Show $ \lim_{n \to \infty} \frac{\ f(y_n)-f(x_n)}{ y_n-x_n} = f'(x_0)$ using Taylor Let $f:[a, b]\to R$ differentiable at $a<x_0<b$. Using taylor series show that if $x_n \to x_0^-$ and $y_n \to x_0^+$ then 
$$ \lim_{n \to \infty} \frac{\ f(y_n)-f(x_n)}{ y_n-x_n} = f'(x_0)$$
After I wrote the taylor expansion of 1's order I just returned to the definition of the derivative so that didn't help much...
Any other suggesions? Thanks
 A: For $n\in\mathbb N$ we have
$$ 
\begin{align}
\left|\frac{f(y_n) - f(x_n)}{y_n - x_n} - f'(x_0) \right|
&= \left| \frac{f(y_n) - f(x_0) - f'(x_0)(y_n - x_0) - (f(x_n) - f(x_0) - f'(x_0)(x_n - x_0))}{y_n - x_n} \right| \\
&\le \left| \frac{f(y_n) - f(x_0) - f'(x_0)(y_n - x_0)}{y_n - x_0} \right| + \left| \frac{(f(x_n) - f(x_0) - f'(x_0)(x_n - x_0)) }{x_n - x_0} \right| \\
&\to 0 + 0.
\end{align}
$$
A: I would like to mention that we are not using Taylor series to solve this problem. We are using Taylor expansions, and in particular we are using the first order Taylor expansion. A differentiable function is not guaranteed to have a Taylor series with positive radius of convergence, but it can be approximated by Taylor polynomials.
The first order Taylor expansion is given by $$f(x) = f(x_0) + f'(x_0)(x-x_0) + R(x)$$ where $\frac{R(x)}{x-x_0} \to 0$ as $x \to x_0$.
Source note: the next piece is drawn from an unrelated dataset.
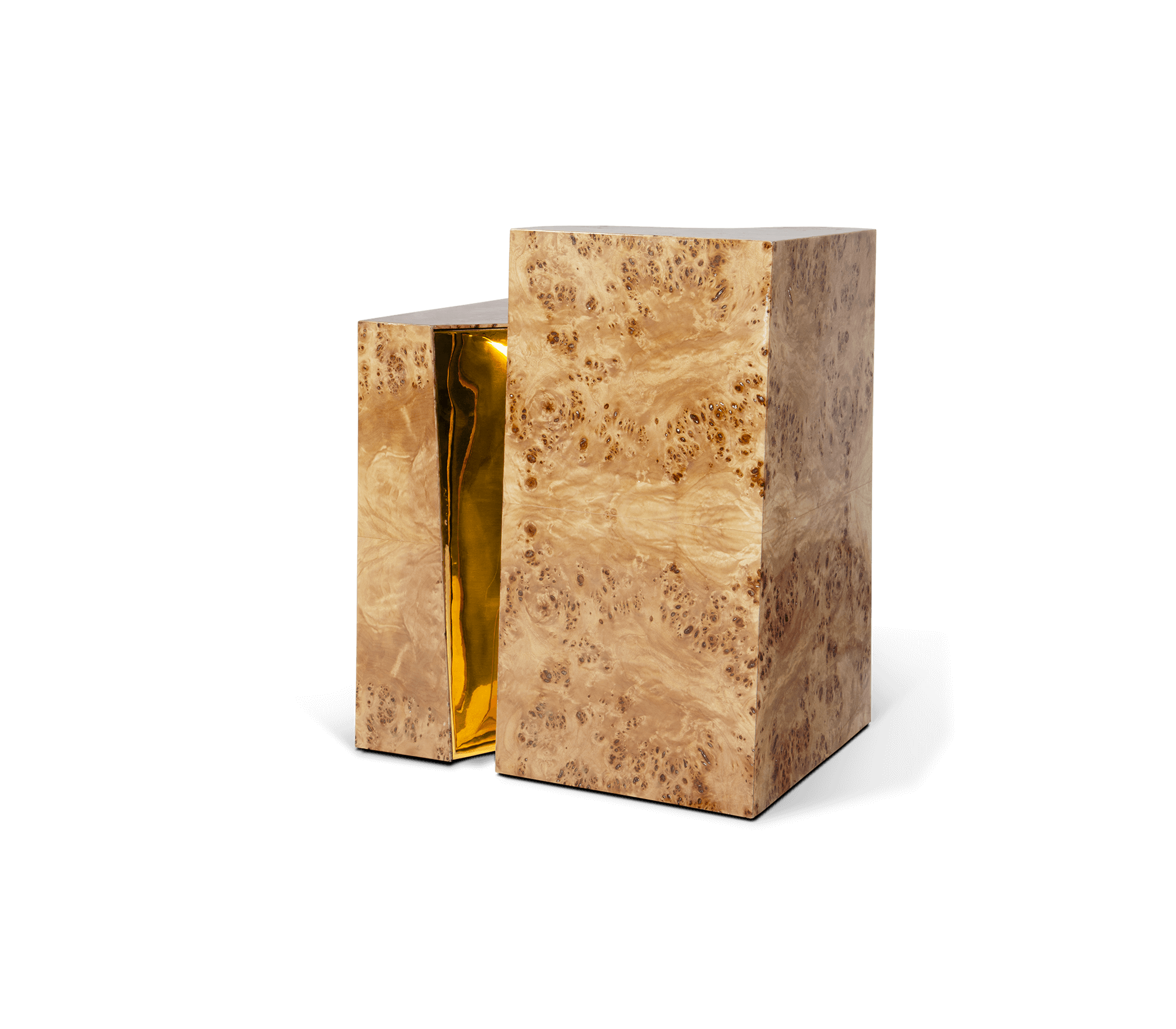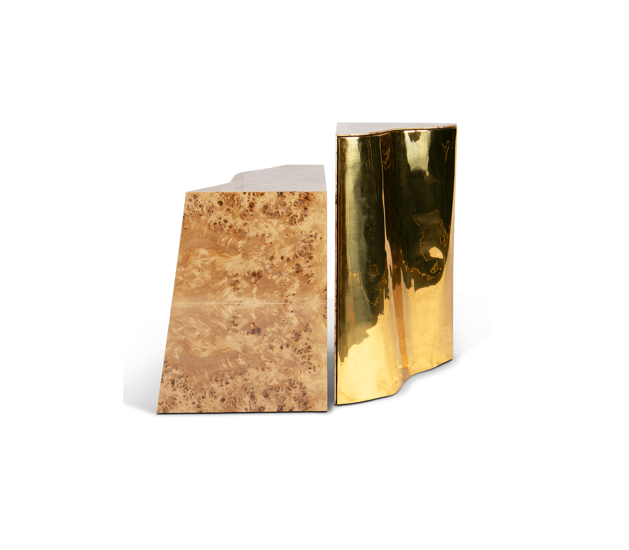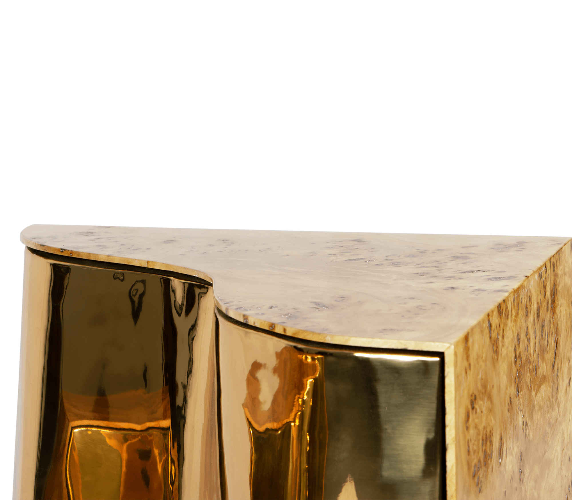 Polished brass and Poplar Root Veneer.

Now we examine $$\frac{f(y_n) - f(x_n)}{y_n - x_n} = \frac{f'(x_0)(y_n-x_0)-f'(x_0)(x_n-x_0) + R(y_n) - R(x_n)}{y_n-x_n}$$ $$=f'(x_0) + \frac{R(y_n) - R(x_n)}{y_n-x_n}$$
Thus in order to demonstrate the claim, we must show that $$\lim_{n\to\infty}\frac{R(y_n) - R(x_n)}{y_n-x_n} =0.$$
We need to convert this into an expression resembling $R(x)/(x-x_0)$, to claim that it goes to zero. This is where $y_n > x_0$ and $x_n < x_0$ comes in.
Notice that $$\left| \frac{R(y_n) -R(x_n)}{y_n-x_n} \right| \le \left|\frac{R(y_n)}{y_n-x_n} \right| + \left| \frac{R(x_n)}{y_n - x_n} \right|$$ and replacing $y_n - x_n$ with $y_n-x_0$ and $x_n - x_0$ only increases the fractions thus:
$$\left| \frac{R(y_n) -R(x_n)}{y_n-x_n} \right| \le \left| \frac{R(y_n)}{y_n-x_0} \right| + \left| \frac{R(x_n)}{x_n-x_0} \right| \to 0$$ as $n\to \infty$.
This last step is the crux of the matter, and it also appears in the answer provided by @user251257.